Antipsychotic: Difference between revisions

The term antipsychotic is used for any drug used to control the acute symptoms of schizophrenia, they are also used to prevent relapses and to diminish chronic symptoms. They can also combat the problems of mania. They are sometimes incorrectly referred to as major tranquilizers which is incorrect as they have no relationship to the anti-anxiety benzodiazepines or any other relaxant drugs. Furthermore although some antipsychotics do have a tranquilizing effect, others appear to reduce psychosis without tranqulizing the patient.

The drugs interact on a wide range of neuroreceptors and often have antidopaminergic effects, but appear to block primarily the dopamine receptors. The range of interacts produce many different adverse effects of extrapyramidal reactions, including acute dystonias, akathisia, rigidity and tremor and tardive dyskinesia as well as tachycardia, hypotension, impotence, lethargy, seizures.

They are believed to control the symptoms of schizophrenia by blocking dopamine receptors. However, there is generally a lag time of a few days to a few weeks between the time the drug is started and the time that the medication begins to reduce psychosis. Why this is so remains unclear.

Many of the drugs have serious side effects. One of the more serious is tardive dyskinesia in which the drugs, when taken over the course of several years, cause permanent uncontrollable rhythmic motions in the limbs. However the newer atypical antipsychotics such as clozapine do not appear to produce this side effect, and it is believed that the possibility of tardive dyskinesia can be reduced by combining the anti-psychotics with cogentin or benedryl. Another serious side-effect is neuroleptic malignant symdrome in which the drugs appear to cause the temperature regulation centers to fail resulting in a medical emergency as the patient's temperature suddenly increases to dangerous levels.

Another problematic side-effect of antipsychotics is dysphoria, meaning that it makes the patient just feel bad. This side-effect is a major problem for patients with schizophrenia in that it causes them to discontinue medication and this produces a relapse of psychotic symptoms. Much of the treatment of schizophrenia involves a trial and error search for medication that controls psychosis without making the patient feel awful. Most of the drug research in antipsychotics involves finding new drugs to increase treatment options.

Drugs used as antipsychotics include the three groups of phenothiazines, thioxanthenes, diphenylbutylpiperidines, substituted benzamides, ioxapine (tricyclic dibenzoxazepine), clozapine (dibenzodiazepine) and oxypertine. All of the antipsychotics appear to work by blocking dopamine receptors. Antipsychotics are an area in which rationally designed drugs is a useful strategy. Rather than attempting to use trial and error, drug manufacturers specificly design a molecule to fulfil a specific purpose, in this case blocking dopamine receptors.

The first antipsychotic was thorazine which was developed as a surgical anesthetic. It was first used on mental patients on the belief that it would have a calming effect. However, the drug soon appeared to reduce psychosis beyond this calming effect, and it is now believed that the reduction of psychosis produced by the drug is unrelated to the calming effect of the medication.
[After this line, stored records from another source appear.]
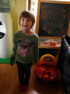 Bummer: It is green day and I picked out my favorite green sweater I got for HBear last Xmas but finally fits. She decides she does not want to wear THAT!!! So we play for it. We play musical tree freeze. We put on music and when it stops you have to hold a tree pose (yoga). I figure I got this in the bag… I don’t and she picks out green cargo pants and a slightly less army green shirt with a pink butterfly. These 2 items in NO way match. But she won so I grin and bear it.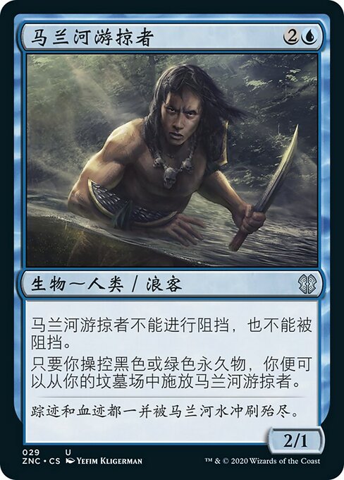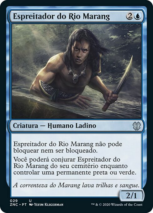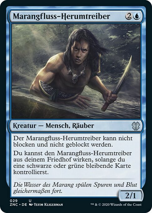 ![]() Variations— Parts— | Predatore del Fiume Marang2 / 1 Il Predatore del Fiume Marang non può bloccare e non può essere bloccato. Puoi lanciare il Predatore del Fiume Marang dal tuo cimitero fintanto che controlli un permanente nero o verde.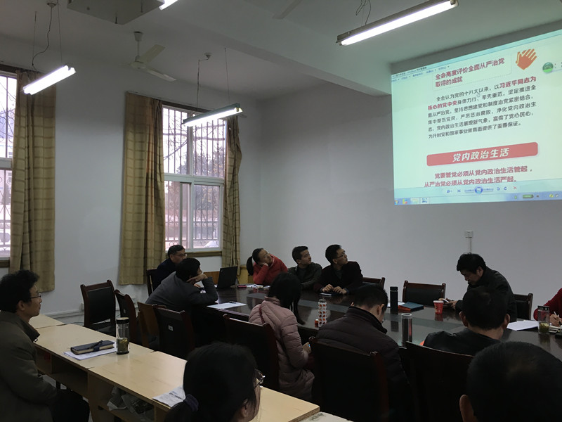 会上,系党总支副书记陈思用PPT形式带领大家一起学习党的十八届六中全会精神。主要内容有:“数读”十八届六中全会公报、《关于新形势下党内政治生活的若干准则》主要内容、15句话明确六中全会对全体党员干部的要求、六中全会对全面从严治党九个新提法、六中全会四大关键词等。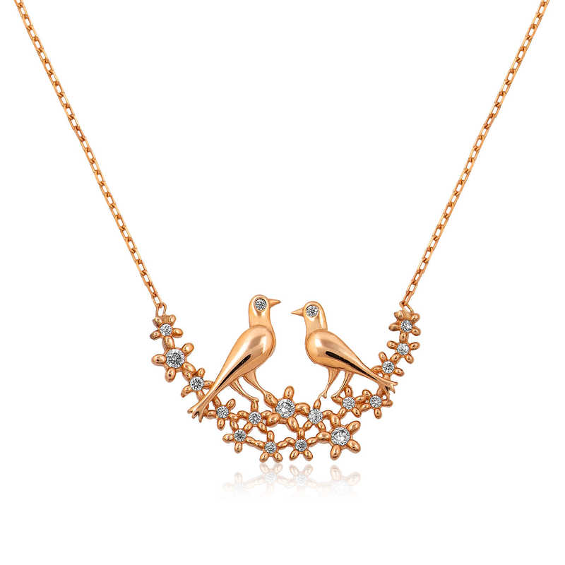 Gümüş Rose Çifte Kumrular Bayan Kolye

Anti-psychotics can be classified on a spectrum of low potency to high potency where potency refers to the ability of the drug to bind to dopamine receptors and not to the effectiveness of the drug. High potency antipsychotics such as Haldol typically have doses of a few milligrams and cause less sleepiness and calming effects than low potency antipsychotics such as thorazine which have dosages of several hundred milligrams.
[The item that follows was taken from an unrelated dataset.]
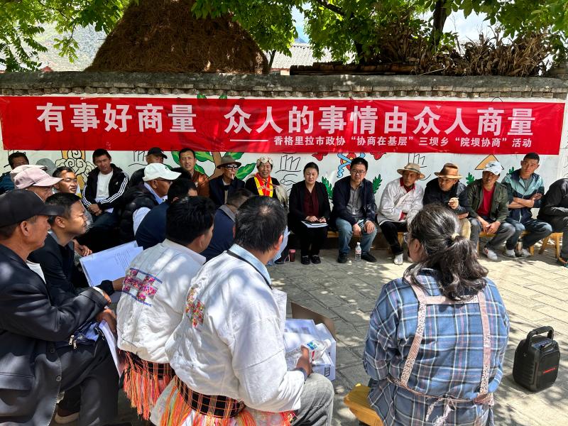 2023年4月26日,香格里拉市政協(xié)在三壩鄉(xiāng)開展“協(xié)商在基層”“院壩協(xié)商”活動。

Antipsychotics also can be classified as "typical" and "atypical." Typical antopsychotics include drugs which are related to those that have been used in clinical practice since the 1960's. Atypical antipsychotics, the first of which was clozapine, include a large number of new ones have entered practice since the 1990's. "Atypical antipsychotics" act on different neuroreceptors than the typical antipsychotics and have produced remarkable improvement in patients with which typical antipsychotics have not been of much benefit.

Extra notes.

The atypical antipsychotic appear to be as effective as the older phenothiazone or Haloperidol drugs and have a much better side-effect protocol especially with extra-pyramidal side-effects.

They are much more expensive than the older drugs but (at least in western society) there is little justification (if any ) for using the older drugs. Quite massive weight gain is a problem with the new drugs particularly Olazapine and Clozapine.

Having said this, the new drugs are not a panacea and we are a long way from curing the disease. Some 15% of patients dont respond (at least to the initial drug). I feel non-responders are in difficult situation because (at least in Australia) we have taken away their institutional support but we have not replaced with adequate relief of symptoms. Some non-responders will respond to other drugs but there is a significant unfortunate percentage that show no real response.

Benzodiazapines while not curative will often ameliorate some symptoms. Lithium and Sodium Valproate may be useful drugs. There is some evidence that Sodium Valproate up-regulates Reelin. If true this would be an exciting finding that might bring us closer to a real cure.